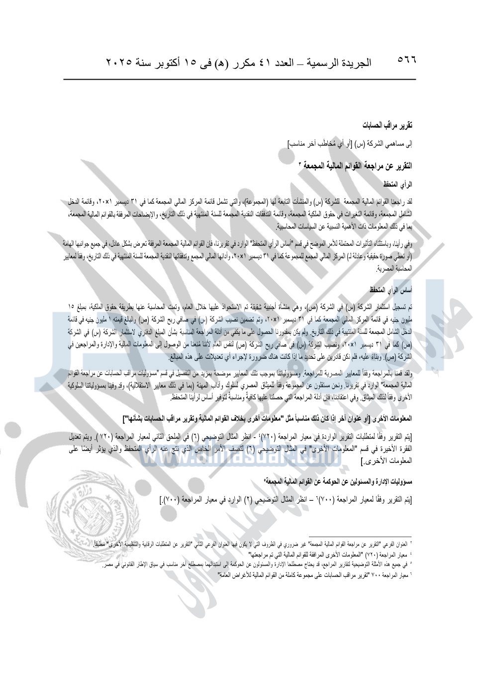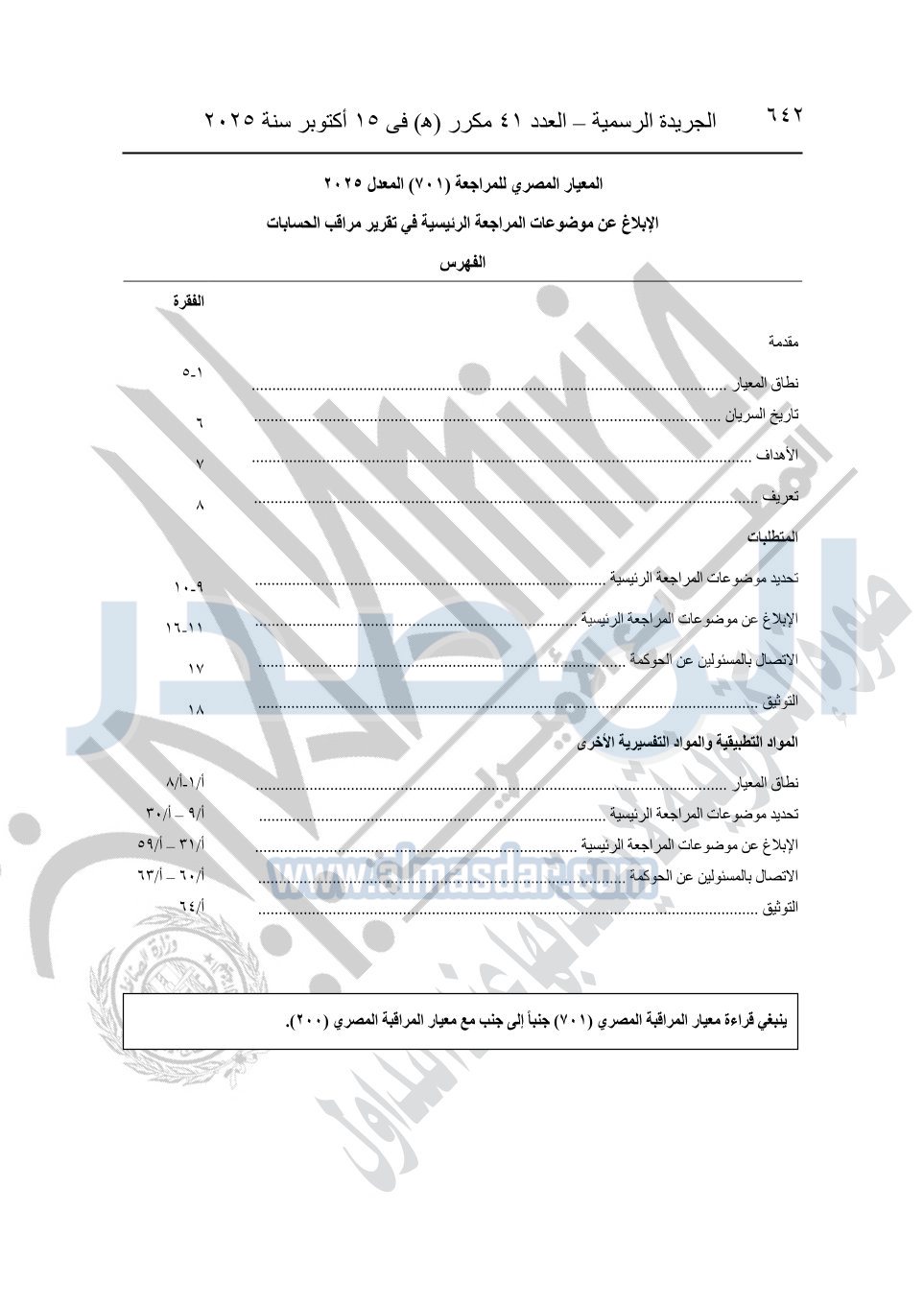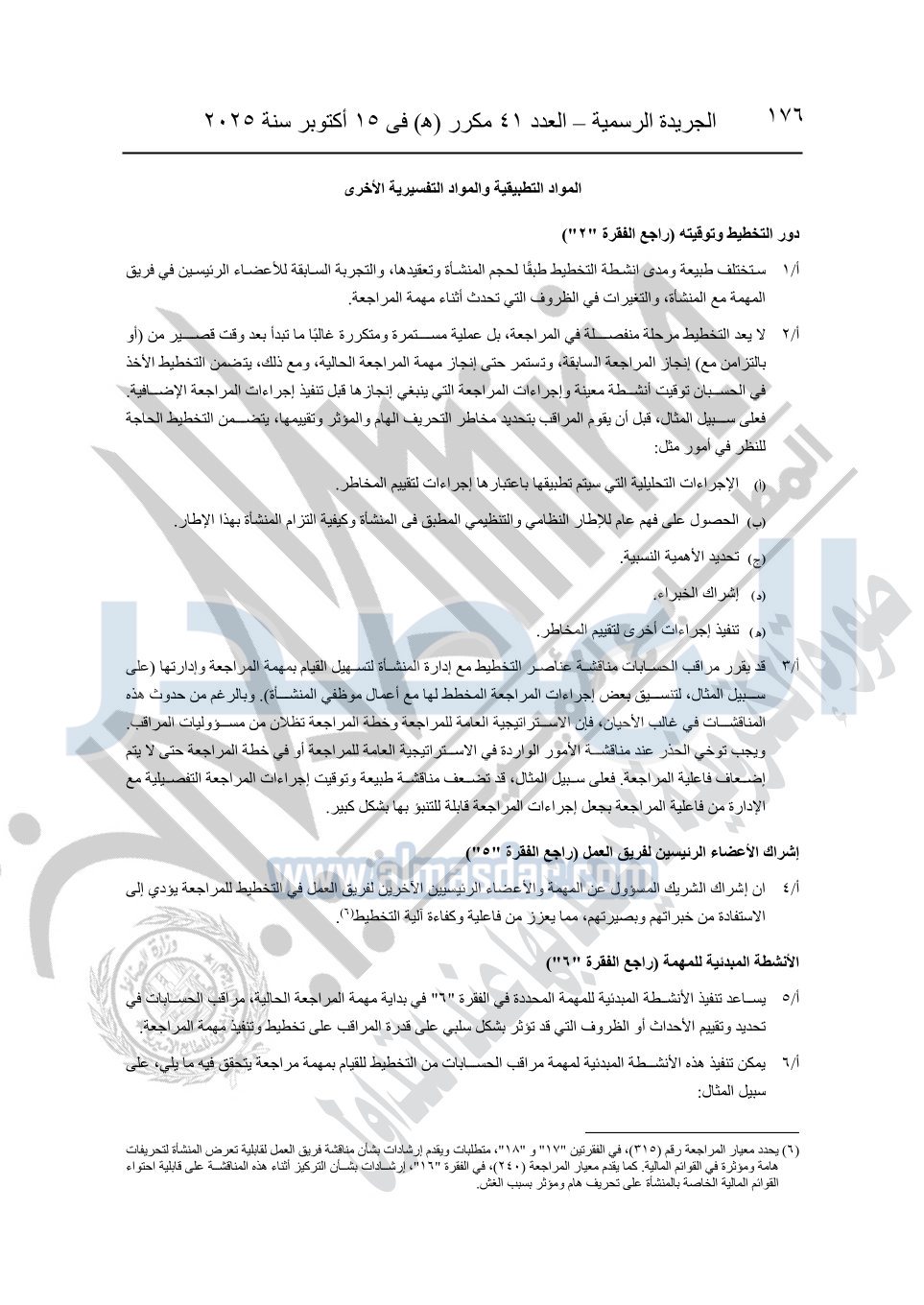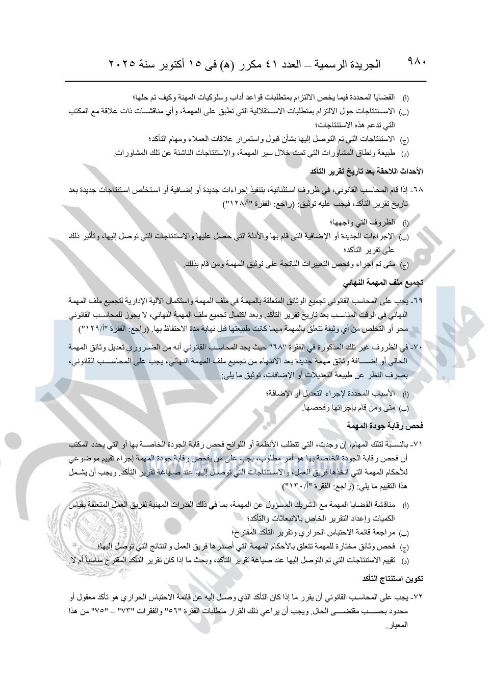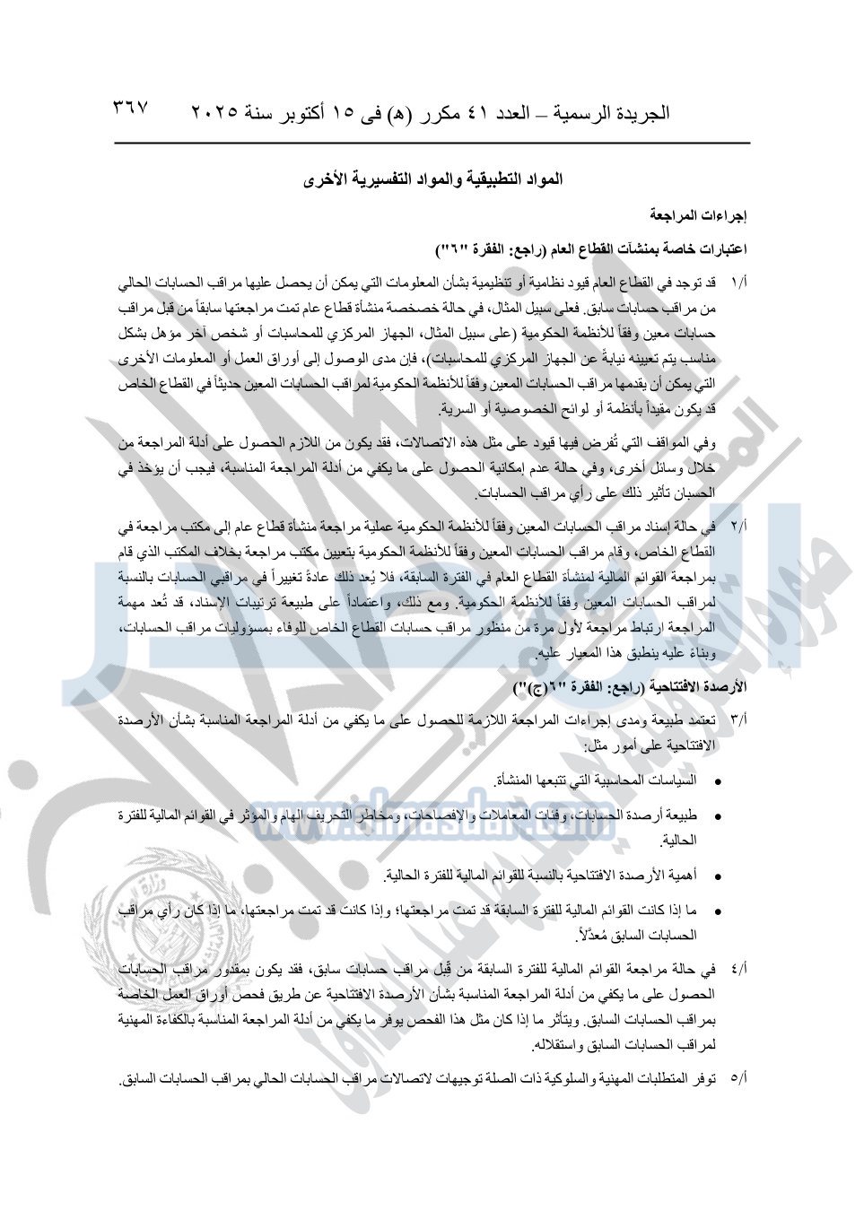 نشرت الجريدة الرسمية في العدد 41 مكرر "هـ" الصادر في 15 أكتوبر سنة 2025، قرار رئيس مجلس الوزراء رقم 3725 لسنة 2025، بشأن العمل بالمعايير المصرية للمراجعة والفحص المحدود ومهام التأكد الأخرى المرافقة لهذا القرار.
---
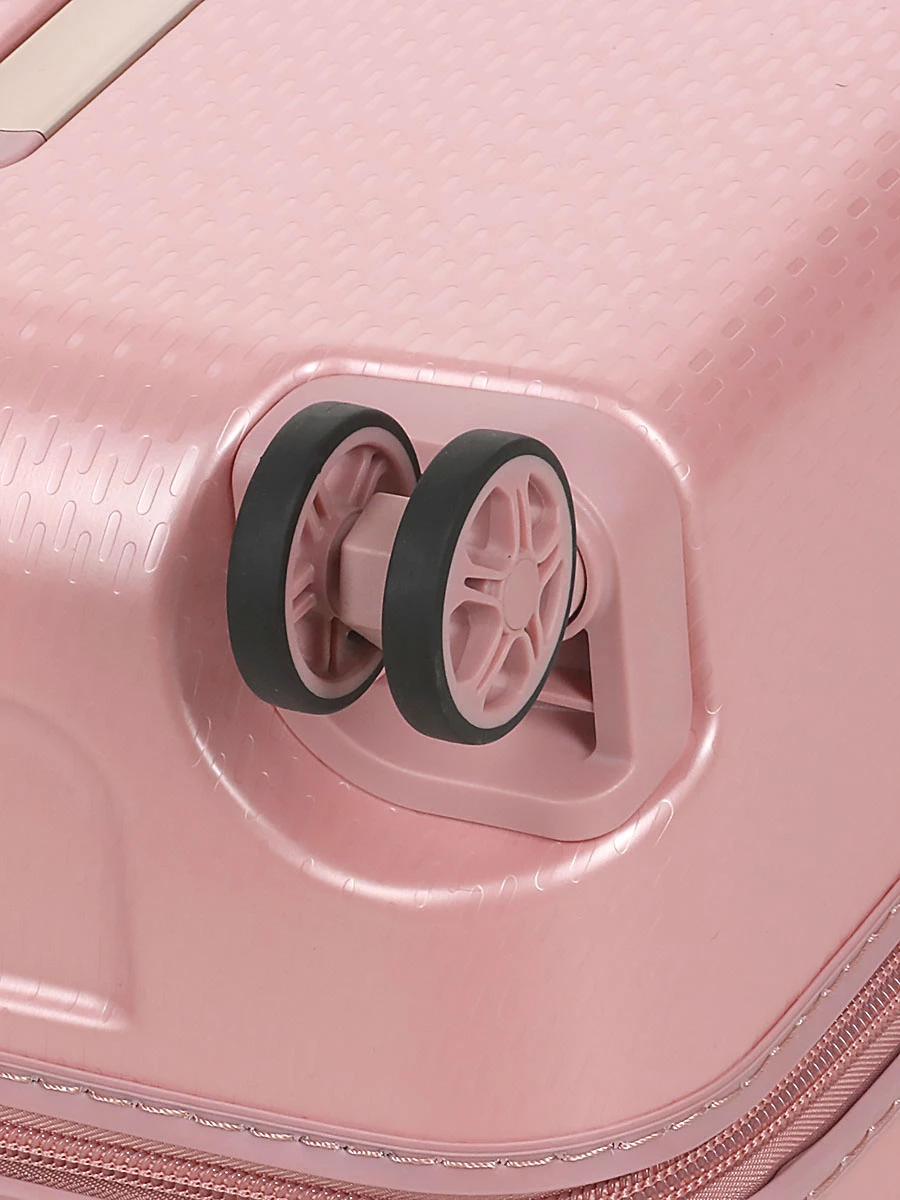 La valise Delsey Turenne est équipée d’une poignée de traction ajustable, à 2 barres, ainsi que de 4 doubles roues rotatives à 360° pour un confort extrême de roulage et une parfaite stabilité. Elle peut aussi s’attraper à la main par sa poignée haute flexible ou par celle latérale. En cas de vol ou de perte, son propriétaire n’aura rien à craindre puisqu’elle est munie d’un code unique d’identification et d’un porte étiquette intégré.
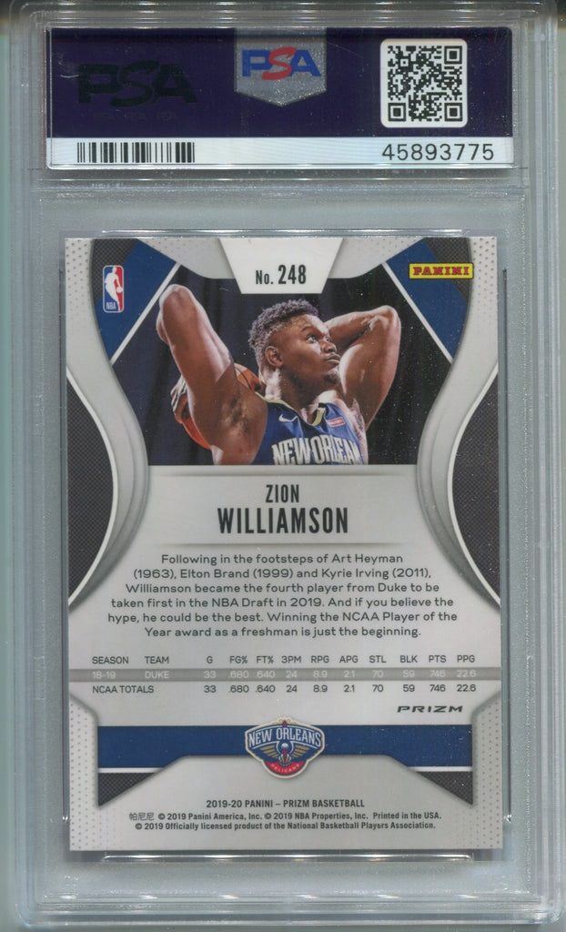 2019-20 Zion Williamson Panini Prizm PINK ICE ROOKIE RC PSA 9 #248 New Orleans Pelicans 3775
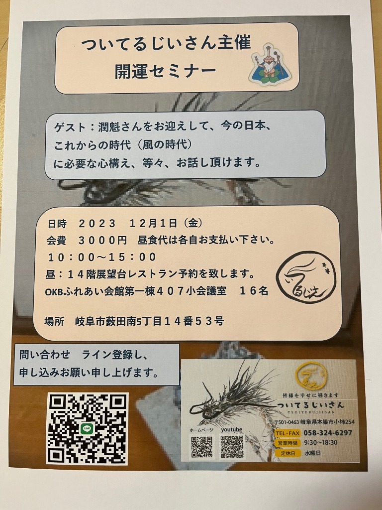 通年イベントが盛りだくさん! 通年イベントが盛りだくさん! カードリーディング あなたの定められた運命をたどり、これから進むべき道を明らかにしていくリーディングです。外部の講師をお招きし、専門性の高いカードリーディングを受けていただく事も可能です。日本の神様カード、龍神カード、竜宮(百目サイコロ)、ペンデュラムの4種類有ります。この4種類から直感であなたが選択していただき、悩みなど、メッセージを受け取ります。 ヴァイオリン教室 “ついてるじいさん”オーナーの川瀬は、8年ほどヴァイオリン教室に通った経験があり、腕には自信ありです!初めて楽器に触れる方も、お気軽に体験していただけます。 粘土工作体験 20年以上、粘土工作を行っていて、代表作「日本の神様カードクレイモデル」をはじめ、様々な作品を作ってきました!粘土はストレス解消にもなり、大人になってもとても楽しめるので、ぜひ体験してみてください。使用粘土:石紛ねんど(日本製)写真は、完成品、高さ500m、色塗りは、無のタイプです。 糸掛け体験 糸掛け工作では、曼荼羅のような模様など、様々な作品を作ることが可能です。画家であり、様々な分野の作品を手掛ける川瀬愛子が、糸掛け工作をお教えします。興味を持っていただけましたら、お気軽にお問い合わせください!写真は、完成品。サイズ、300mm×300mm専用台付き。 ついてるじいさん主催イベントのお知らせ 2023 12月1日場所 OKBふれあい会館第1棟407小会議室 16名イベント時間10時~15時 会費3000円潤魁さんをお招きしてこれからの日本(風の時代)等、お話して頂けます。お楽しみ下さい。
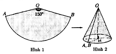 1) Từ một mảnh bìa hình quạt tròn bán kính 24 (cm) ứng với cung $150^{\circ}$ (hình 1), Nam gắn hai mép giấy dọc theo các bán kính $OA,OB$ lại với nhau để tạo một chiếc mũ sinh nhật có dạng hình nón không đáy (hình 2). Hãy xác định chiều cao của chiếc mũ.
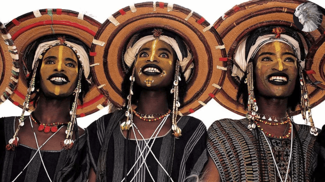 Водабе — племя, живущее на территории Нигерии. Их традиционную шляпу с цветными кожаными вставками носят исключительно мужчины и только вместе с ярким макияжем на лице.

## Work to complete
With the pictures omitted, copy the entries above exactly from the line containing "1) Từ một mảnh" through the line containing "Водабе — племя, живущее", both lines included.

## Response to this task
 1) Từ một mảnh bìa hình quạt tròn bán kính 24 (cm) ứng với cung $150^{\circ}$ (hình 1), Nam gắn hai mép giấy dọc theo các bán kính $OA,OB$ lại với nhau để tạo một chiếc mũ sinh nhật có dạng hình nón không đáy (hình 2). Hãy xác định chiều cao của chiếc mũ.
 Водабе — племя, живущее на территории Нигерии. Их традиционную шляпу с цветными кожаными вставками носят исключительно мужчины и только вместе с ярким макияжем на лице.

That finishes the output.